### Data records

******

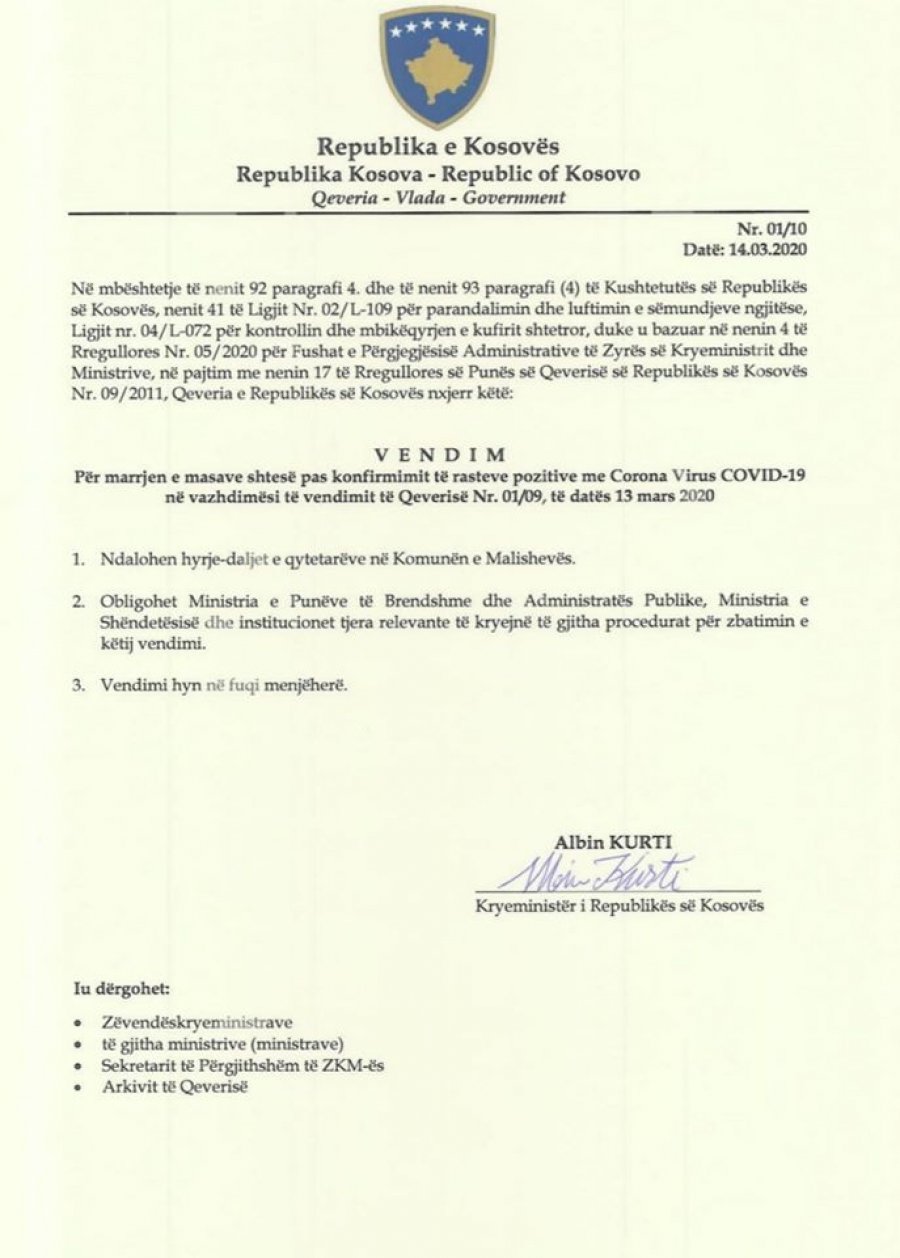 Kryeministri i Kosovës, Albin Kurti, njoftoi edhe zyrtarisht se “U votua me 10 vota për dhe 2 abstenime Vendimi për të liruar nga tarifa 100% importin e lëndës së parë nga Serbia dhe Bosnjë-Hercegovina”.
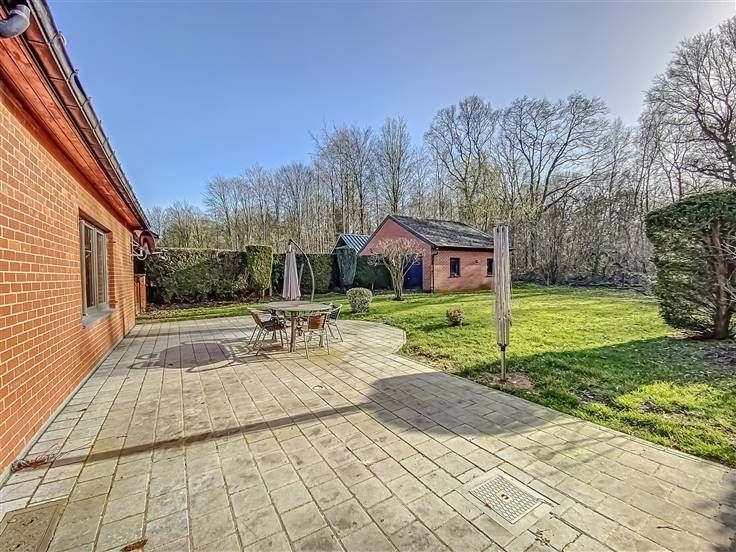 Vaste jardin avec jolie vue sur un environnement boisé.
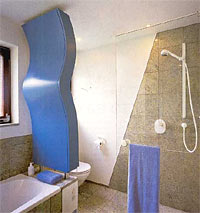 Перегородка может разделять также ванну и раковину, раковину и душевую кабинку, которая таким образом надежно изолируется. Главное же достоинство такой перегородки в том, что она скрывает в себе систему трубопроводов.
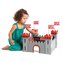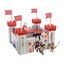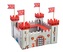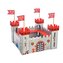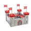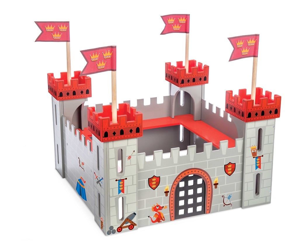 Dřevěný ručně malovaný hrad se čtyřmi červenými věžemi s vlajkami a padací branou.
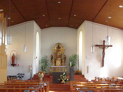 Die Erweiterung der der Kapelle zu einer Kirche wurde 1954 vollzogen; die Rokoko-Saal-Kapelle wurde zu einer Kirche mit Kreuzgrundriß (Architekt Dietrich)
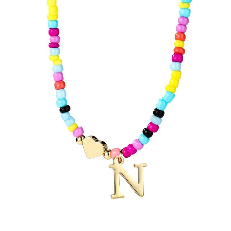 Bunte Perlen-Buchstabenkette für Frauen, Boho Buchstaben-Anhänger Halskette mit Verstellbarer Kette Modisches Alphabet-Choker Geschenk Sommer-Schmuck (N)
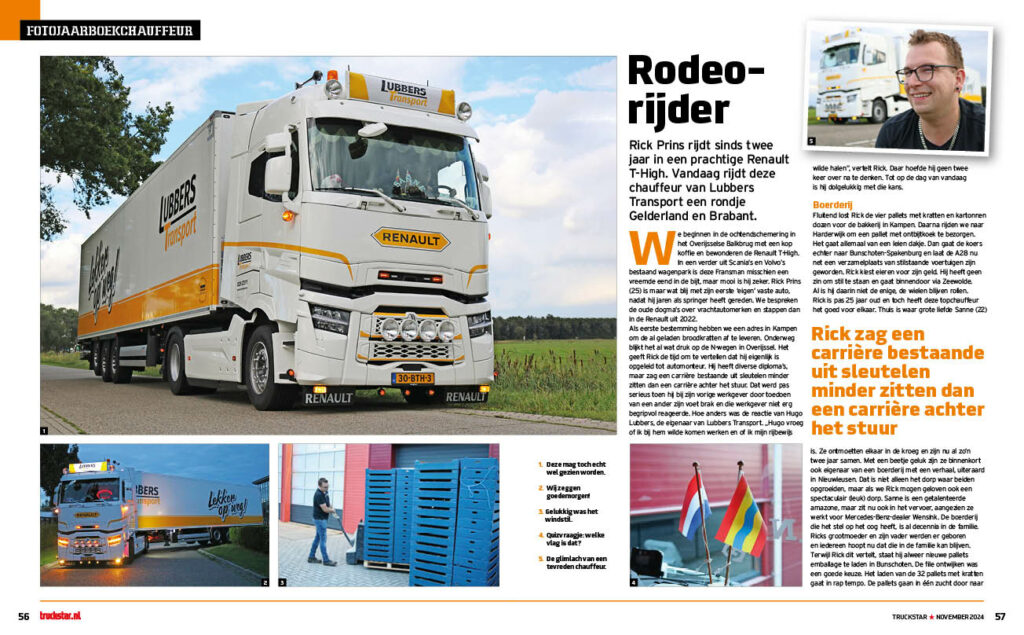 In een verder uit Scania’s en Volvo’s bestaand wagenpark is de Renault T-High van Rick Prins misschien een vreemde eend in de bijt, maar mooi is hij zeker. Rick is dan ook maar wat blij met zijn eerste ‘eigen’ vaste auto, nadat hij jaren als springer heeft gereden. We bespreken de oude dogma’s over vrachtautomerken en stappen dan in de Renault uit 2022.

******

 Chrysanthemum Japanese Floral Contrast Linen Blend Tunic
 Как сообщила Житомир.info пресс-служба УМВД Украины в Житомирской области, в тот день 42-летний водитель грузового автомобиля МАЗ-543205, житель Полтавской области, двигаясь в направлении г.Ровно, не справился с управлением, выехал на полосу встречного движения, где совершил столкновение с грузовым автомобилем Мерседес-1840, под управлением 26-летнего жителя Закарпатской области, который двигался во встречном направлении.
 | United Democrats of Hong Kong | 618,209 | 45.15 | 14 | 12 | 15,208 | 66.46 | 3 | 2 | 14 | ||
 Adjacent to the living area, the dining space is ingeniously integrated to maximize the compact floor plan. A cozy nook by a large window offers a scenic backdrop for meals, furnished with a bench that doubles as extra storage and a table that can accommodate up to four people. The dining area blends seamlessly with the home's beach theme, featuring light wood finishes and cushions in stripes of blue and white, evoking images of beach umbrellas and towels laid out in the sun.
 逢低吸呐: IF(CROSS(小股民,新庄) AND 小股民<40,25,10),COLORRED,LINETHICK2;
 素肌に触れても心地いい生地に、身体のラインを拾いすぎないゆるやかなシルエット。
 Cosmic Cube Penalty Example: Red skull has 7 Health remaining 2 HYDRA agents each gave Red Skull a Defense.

******

### INSTRUCTIONS FOR THE TASK
Output only the lines above from the one containing "Bunte Perlen-Buchstabenkette für" to the one containing "In een verder", both included, exactly as written and with no pictures.

### TASK SOLUTION
 Bunte Perlen-Buchstabenkette für Frauen, Boho Buchstaben-Anhänger Halskette mit Verstellbarer Kette Modisches Alphabet-Choker Geschenk Sommer-Schmuck (N)
 In een verder uit Scania’s en Volvo’s bestaand wagenpark is de Renault T-High van Rick Prins misschien een vreemde eend in de bijt, maar mooi is hij zeker. Rick is dan ook maar wat blij met zijn eerste ‘eigen’ vaste auto, nadat hij jaren als springer heeft gereden. We bespreken de oude dogma’s over vrachtautomerken en stappen dan in de Renault uit 2022.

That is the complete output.